The loss rate on those 2nd mortgages, originated by OwnIt Mortgage which filed BK in 2006, is estimated to be close to 60% at this point, and the bonds have seen their ratings drop from AAA to junk in the course of a year.
The reason for the losses? Well, the numbers seem to be pointing to more borrowers stopping payments on their 2nd mortgages altogether.
Ken Andrews, a savvy San Diego bankruptcy and foreclosure attorney who represents borrowers, has what passes for sound advice for borrowers with those 2nd mortgages - just stop paying. And for those who aren’t quite satisfied with the pesky 2nd remaining secured on their home, he’s got a solution for them – strip the lien by filing a Chapter 13. It’s worth reading his recent piece here.

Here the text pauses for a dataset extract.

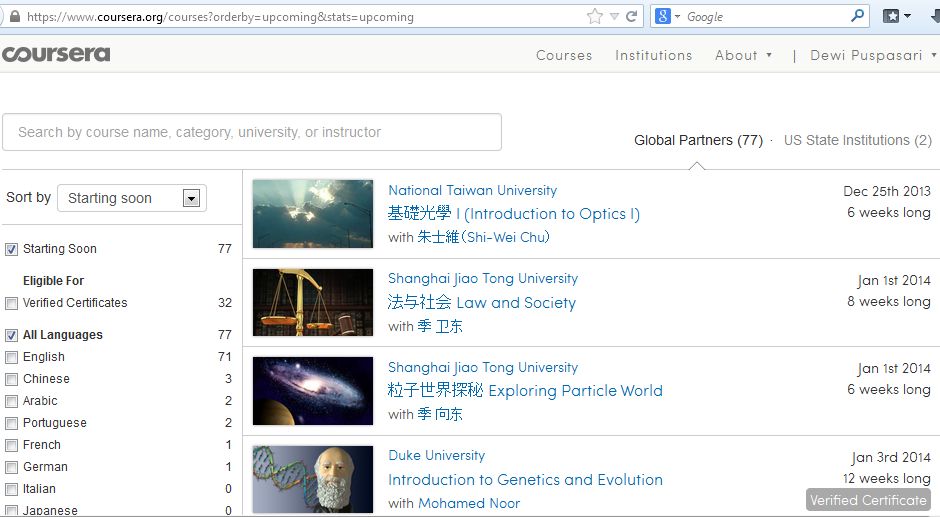 - Coursera. [http://coursera.org]. Diakses pada 22 Desember 2013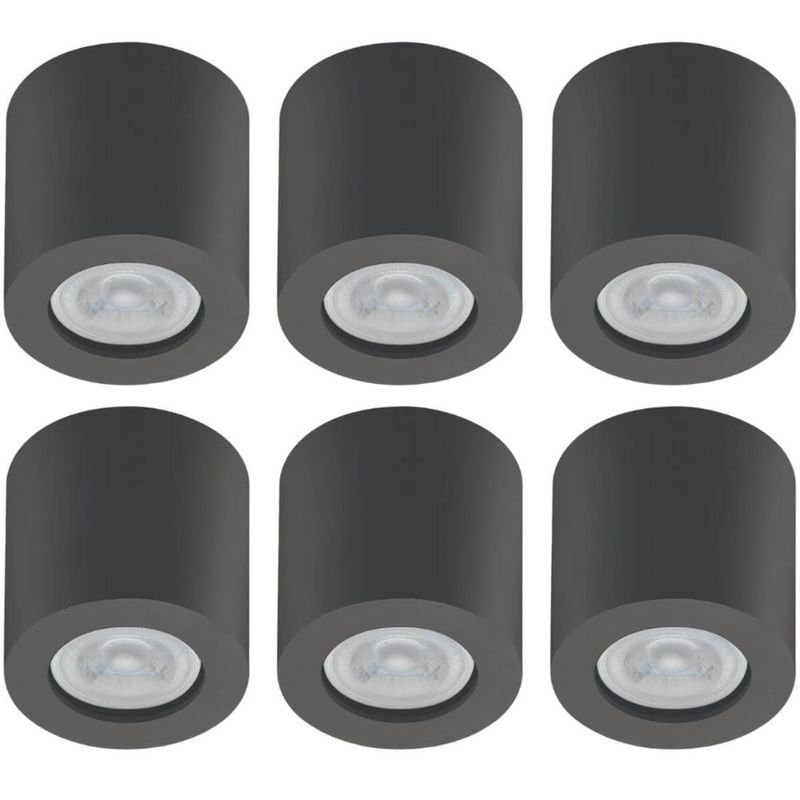 Kit 6 Luminárias de Teto Spots de Sobrepor Bivolt Preto MR16 Redondos Dital Zoom Poliestireno REF: 7794463063520

So what’s the big deal? As a note buyer, you need to be increasingly aware of some of the changing incentive structures for borrowers. A lowering of the social stigma against foreclosure and bankruptcy could be a harbinger of larger numbers of BK’s in your portfolio.
Not that that’s automatically bad. Bankruptcy postpones the completion of a foreclosure proceeding, when the Bankruptcy’s dismissed. And when it’s approved and discharged, it creates a set of cash flows that can be much steadier than a typical performing loan.
So follow the masses here – stay ahead of the curve ball – and think about taking advantage of the borrower BK note buying opportunity.
















You have mentioned buying Notes in Bankruptcy a few times in your presentations. Someone who does blasts at 55% and someone else who specializes in what I think was Chapter 13 seconds. I would like to hear more about business models that people have set up to run their business. With emphasis on what would be a good business model for beginners. I have a particular interest in the Bankruptcy blasts.
I would suspect that there is not a whole lot of lenders who would have pools that would fit my profile of having $75K to flip over 3 to 4 times a year. Right now I am struggling with the best way to get involved in buying notes. I would feel uncomfortable raising money from others unless I had several completed deals worth of experience.
Rick
North Georgia
Experience is key to both beefing up your confidence in what you can do, as well as in having something to show for – even if it’s a single-note track record – with your investors.
In terms of lenders selling singles that would mean your capital available – yes, they exist. All you need is a single one that has non-performing paper they want to sell and you could put your $75K to use and cycle it through the year. The key is obviously in finding the ones that won’t require you to buy an entire pool.
As to the BK blast – I never like the blast approach myself – it takes too much time and it’s got a low hit rate overall. My suggestion would be to use the top-down approach and go straight to the heads of the BK department, as I know you’re already doing.
You never know when you’ll be able to get a lead from a rep or from the head of the BK department, on a BK note that’s available for sale.
The other option is to only request notes in BK from the lenders you end up developing relationships with. You may find that you’re in a smaller group of buyers for that kind of paper.
I’ll keep in mind your request to share more about business plans and business models for people starting out in the business.